# Whistle bans go in effect



## battalion51 (Dec 24, 2006)

Thanks to the improvements made during the Double Tracking of the South Florida Rail Corridor, the city of West Palm Beach has put whistle bans into effect. From just south of the Mangonia Park station through to Forest Hill Blvd. trains are banned from using their horns except under emergency conditions. However, when the train is approaching the crossing they are supposed to have the bell on (like that does anything). During the reconstruction of the rail corridor the crossings recieved gates that block the entire crossing so cars can't drive around them (either through quad gates or high curbs).
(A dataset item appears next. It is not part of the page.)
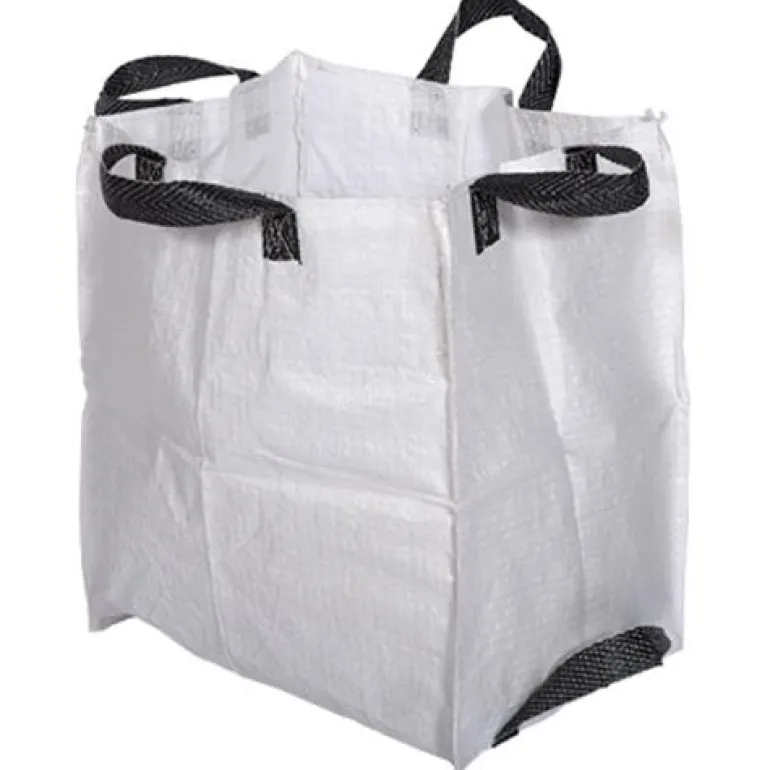 Valkoinen 140 litran puutarhasäkki. Neljä mustaa kahvaa. Valmistettu vahvasta, kudotusta polypropeenikankaasta. Pohjalenkki tarjoaa hyvän otteen tyhjennettäessä.

The crossings also activate much longer ahead of a train so that cars will have time to clear the crossing if they are blocking the crossing. I saw the ban in effect in person yesterday at the Belvedere Rd. crossing near Palm Beach International, it's very odd to see them roll across a crossing without a seeming blink of the eye. Oh the world we live in. <_<


----------



## Guest (Dec 25, 2006)

Interesting part is in Europe trains operate at much higher speeds and do NOT blow for any crossings.

and no special quad gates or other amenities.

Maybe the people are more disiplined or just smarter and realize the train always wins.


----------



## George Harris (Dec 25, 2006)

Guest said:


> Interesting part is in Europe trains operate at much higher speeds and do NOT blow for any crossings.and no special quad gates or other amenities.
> 
> Maybe the people are more disiplined or just smarter and realize the train always wins.


Not sure that our "guest" knows what he is talking about with this statement. Certainly not England where full barrier crossing gates are the norm. Vehicles and peole also do get hit by trains in Europe as well. It just may not make as big a splash in the news. Statements like this should be regraded as without validity unless some form of proof is offered.

George


----------



## battalion51 (Dec 26, 2006)

Based on my (very limited knowledge) of railroads in Europe, it does seem like there is a much larger amount of grade separation across the pond than there is here Stateside.


----------



## Dutchrailnut (Dec 28, 2006)

I made that post and was not logged in, trains in Netherlands , Germany , Belgium and Luxembourg do not blow for crossings.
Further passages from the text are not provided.